Communication is the method of sharing or exchanging information, ideas or feelings. To have a communication between two people, both of them need to have knowledge and understanding of a common language. But in the case of deaf and dumb people, the means they use for communicating is different from that of normal people. Deaf is not able to hear and dumb is not able to speak.
They communicate using sign language among themselves and with normal people but normal people don’t take seriously the importance of sign languages. Not every-one has the knowledge and understanding of sign language which make the communication difficult between a normal person and a deaf and dumb person. For overcoming this barrier,a model can be build based on machine learning.
A model can be trained to recognize different gestures of sign language and translate them into English language. This will help a lot of people in communicating with deaf and dumb people with ease. A real time ML based system is built for the real time sign language detection with TensorFlow object detection in this paper. The major purpose of this project is to build a system for the differently abled people to communicate with others easily and efficiently.
Introduction
I. INTRODUCTION
Communication can be defined as the process of transferring information from one place, person, or group to another place,person or group. It consists of three components: the speaker, the message that is to be communicated, and the listener. Communication can be considered successful only when whatever message the speaker is trying to convey is received and understood by the listener.
In this paper a real time ML based system is built for the real time sign language detection with TensorFlow object detection in this paper. This model is using SSD ML algorithm, by recognizing the signs as words instead of old traditional translators, that are very slow and take too much since every alphabet has to be recognized to form the whole sentence in old methods.
TensorFlow object detection API is a powerful library that can enable anyone to build and deploy powerful image recognition system. This object detection includes recognizing the objects and classifying the objects and then localizing those objects and attract the bounding boxes surrounding them.
TensorFlow has a broad range of attention and use in the field of machine learning globally, because the second generation is learning the system of google. TensorFlow has the advantage of elasticity and high attainability . Deep learning is the base of the object detection algorithm which is also very convenient to execute through TensorFlow, and the hardware environment needs are reasonable, which is very suitable for the research of this paper.
This research Paper focuses on a real time ML based system that is built for the real time sign language detection with TensorFlow object detection. This model is using SSD ML algorithm, by recognizing the signs as words instead of old traditional translators, that are very slow and take too much since every alphabet has to be recognized to form the whole sentence in old methods.
II. LITERATURE SURVEY
Lots and lots of work has been happened in this area from years and all of it had continuous growth and improvements in this object detection field. So, we have first written about the different applications of detection of objects and then the implementation algorithm of those systems or projects.

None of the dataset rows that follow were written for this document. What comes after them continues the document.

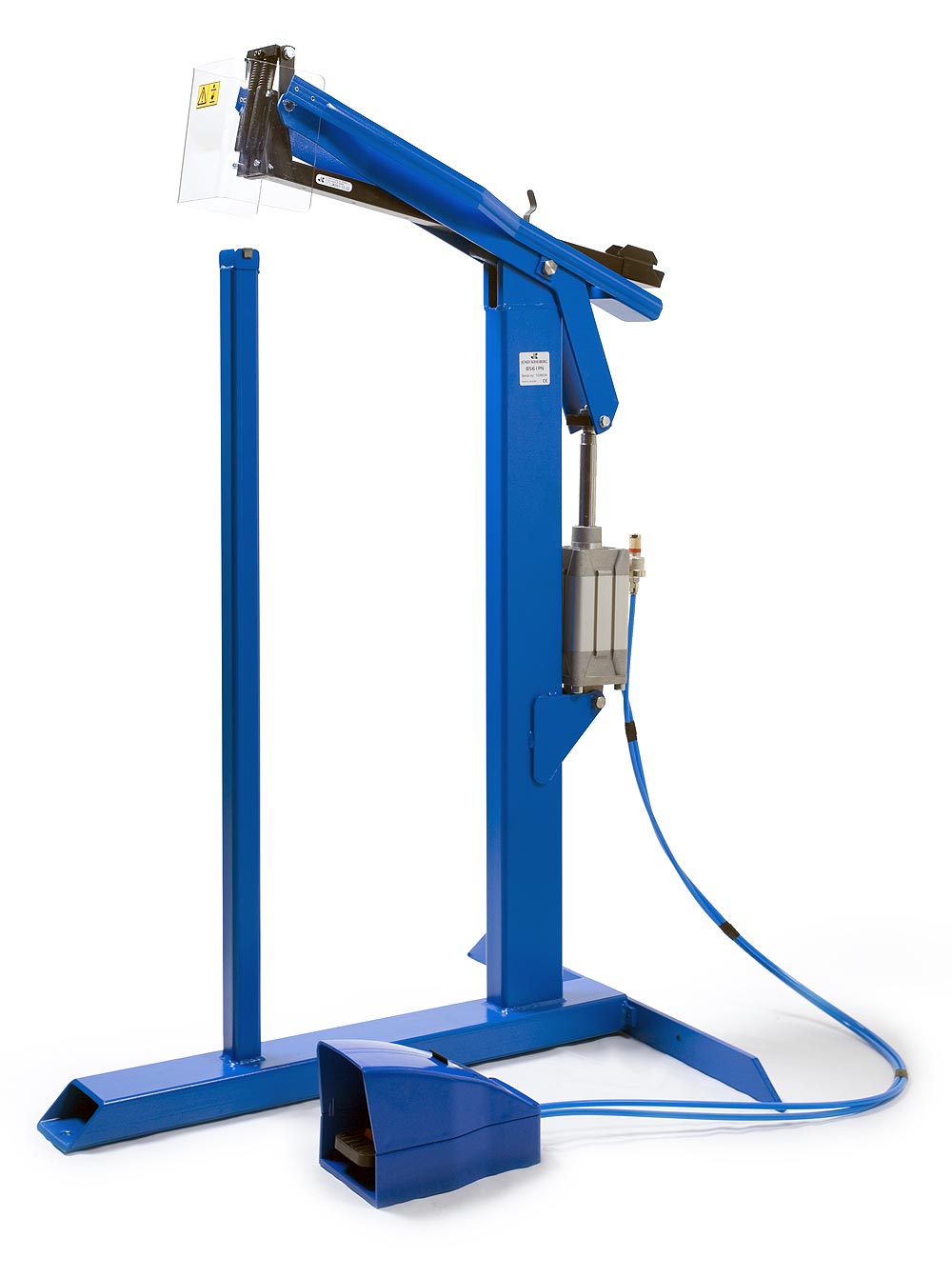 Josef Kihlberg B561 PN air operated bottom box stapler. Designed for bottom closing of larger quantities of corrugated boxes. These heavy duty box staplers are well-built with all parts subject to wear made of tempered steel. The pneumatic cylinder and foot-pedal are engineered for long service life in industrial use. Ideally suited for higher volume continuous or batch production applications.
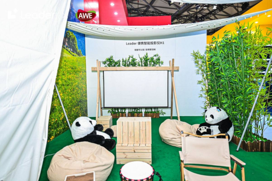 以Leader这么跳脱的个性,只做电视实在是不够COOL。就在旁边有一大块天幕,还有露营桌和克米特椅,躺下就能看到Leader便携智能投影仪H1放的电影。这是一款精准地“踩准”了年轻消费群体的露营需求,体积小随身携带更方便,而且待机时间长,一次充电能超长时间观影,最让老马喜欢的是,他可以90度随意旋转,让“躺平”在天花板上看电影由梦想变为了现实。
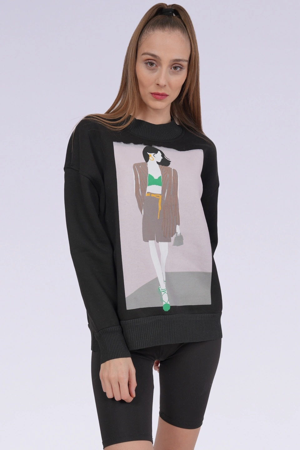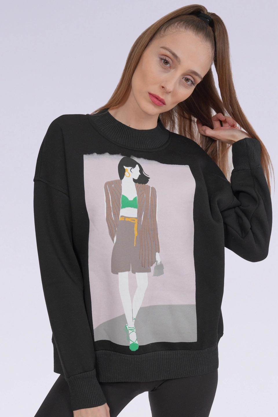 Brand new Comfy black sweatshirt featuring a stylish graphic print of a woman in a blazer and shorts. It's made from a soft material, perfect for casual wear. This crewneck sweater has a relaxed fit.
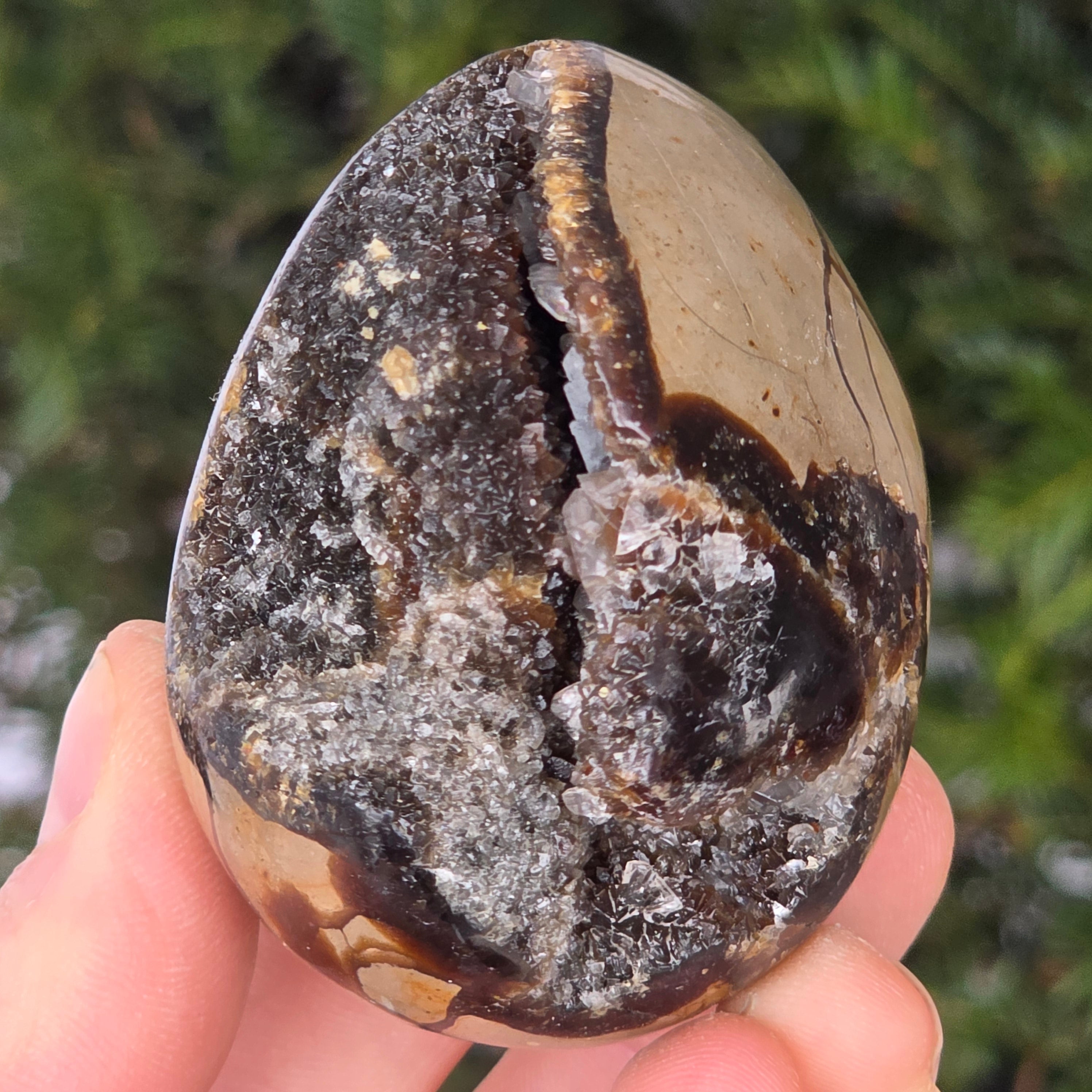 Septaria besteht aus Calcit, Limonit, Gips und Baryt, Mineralien, die in diesem Stein ein einzigartiges Spiel bilden und ihm ein besonderes Aussehen verleihen.

The first ever approach to sign language detection was done by Bergh in 2011 . A hand gesture recognition system was built which gave good results but it only considered six gestures.
Balbin et al. recognized that the system was only recognizing five Filipino words and was using colored hand gloves for hand position recognition. Our model is trained to detect different hand gestures without any colored gloves, using bare hands only.
Apoorva Raghunandan , did the work on different algorithms like skin, color and face detection, they simulated and implemented different objects with the MATLAB in video surveillance applications. They used Viola jones algorithm for the face detection in their model. It detected all the features of the face like eyes, nose, ears, etc. They gave the accuracy of 95% with various object detection algorithms and simulated that in the MATLAB.
Krizhevsky released AlexaNet which used deep learning in various aspects for object detection in 2012.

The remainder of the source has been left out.